• **Extracted information**:

━━━━━━━━━━━━━━━━

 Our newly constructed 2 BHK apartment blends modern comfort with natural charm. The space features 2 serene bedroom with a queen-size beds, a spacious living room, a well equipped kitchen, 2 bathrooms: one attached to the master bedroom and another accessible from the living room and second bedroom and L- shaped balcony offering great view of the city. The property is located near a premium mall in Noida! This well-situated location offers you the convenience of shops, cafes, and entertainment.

━━━━━━━━━━━━━━━━

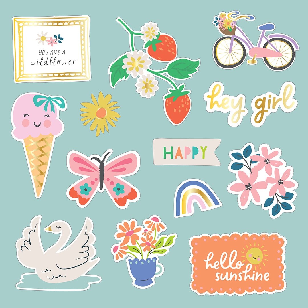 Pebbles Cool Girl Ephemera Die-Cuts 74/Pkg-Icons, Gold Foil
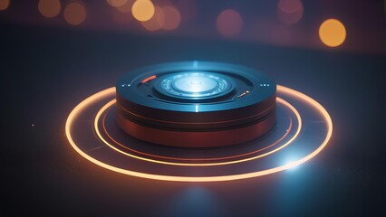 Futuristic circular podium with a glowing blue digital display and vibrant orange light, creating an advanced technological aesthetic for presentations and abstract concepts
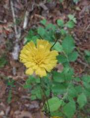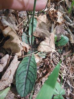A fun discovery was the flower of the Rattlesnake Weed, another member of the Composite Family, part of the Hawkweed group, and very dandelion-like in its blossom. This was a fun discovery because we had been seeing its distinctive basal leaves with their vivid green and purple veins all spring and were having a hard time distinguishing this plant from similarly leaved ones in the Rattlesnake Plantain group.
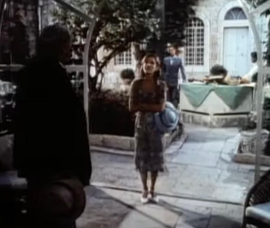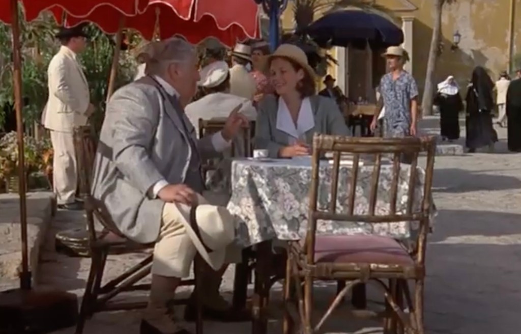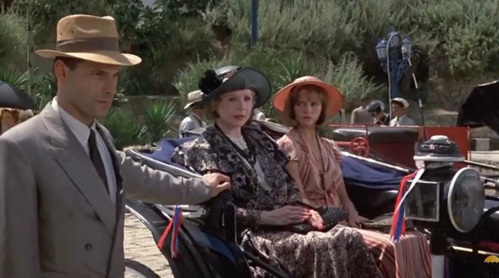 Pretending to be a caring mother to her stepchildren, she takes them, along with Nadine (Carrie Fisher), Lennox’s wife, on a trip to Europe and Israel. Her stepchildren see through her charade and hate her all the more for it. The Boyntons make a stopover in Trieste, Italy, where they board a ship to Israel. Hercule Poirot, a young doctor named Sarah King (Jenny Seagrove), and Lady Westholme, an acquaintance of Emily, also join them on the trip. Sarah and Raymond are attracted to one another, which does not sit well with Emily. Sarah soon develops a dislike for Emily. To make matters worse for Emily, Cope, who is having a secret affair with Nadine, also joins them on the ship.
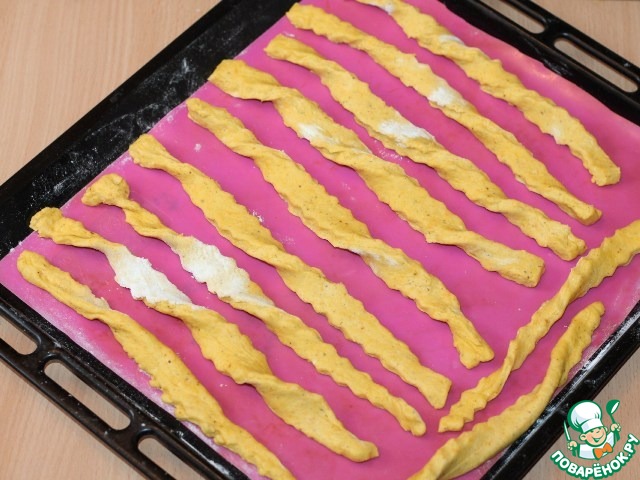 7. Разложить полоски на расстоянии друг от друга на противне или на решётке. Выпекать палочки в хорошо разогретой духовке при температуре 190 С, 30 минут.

━━━━━━━━━━━━━━━━

• **What you will do**:
Exactly the lines above from the one that contains "Pretending to be" down to the one that contains "7. Разложить полоски" are to be output, both ends kept and pictures omitted.

• **Exercise solution**:
 Pretending to be a caring mother to her stepchildren, she takes them, along with Nadine (Carrie Fisher), Lennox’s wife, on a trip to Europe and Israel. Her stepchildren see through her charade and hate her all the more for it. The Boyntons make a stopover in Trieste, Italy, where they board a ship to Israel. Hercule Poirot, a young doctor named Sarah King (Jenny Seagrove), and Lady Westholme, an acquaintance of Emily, also join them on the trip. Sarah and Raymond are attracted to one another, which does not sit well with Emily. Sarah soon develops a dislike for Emily. To make matters worse for Emily, Cope, who is having a secret affair with Nadine, also joins them on the ship.
 7. Разложить полоски на расстоянии друг от друга на противне или на решётке. Выпекать палочки в хорошо разогретой духовке при температуре 190 С, 30 минут.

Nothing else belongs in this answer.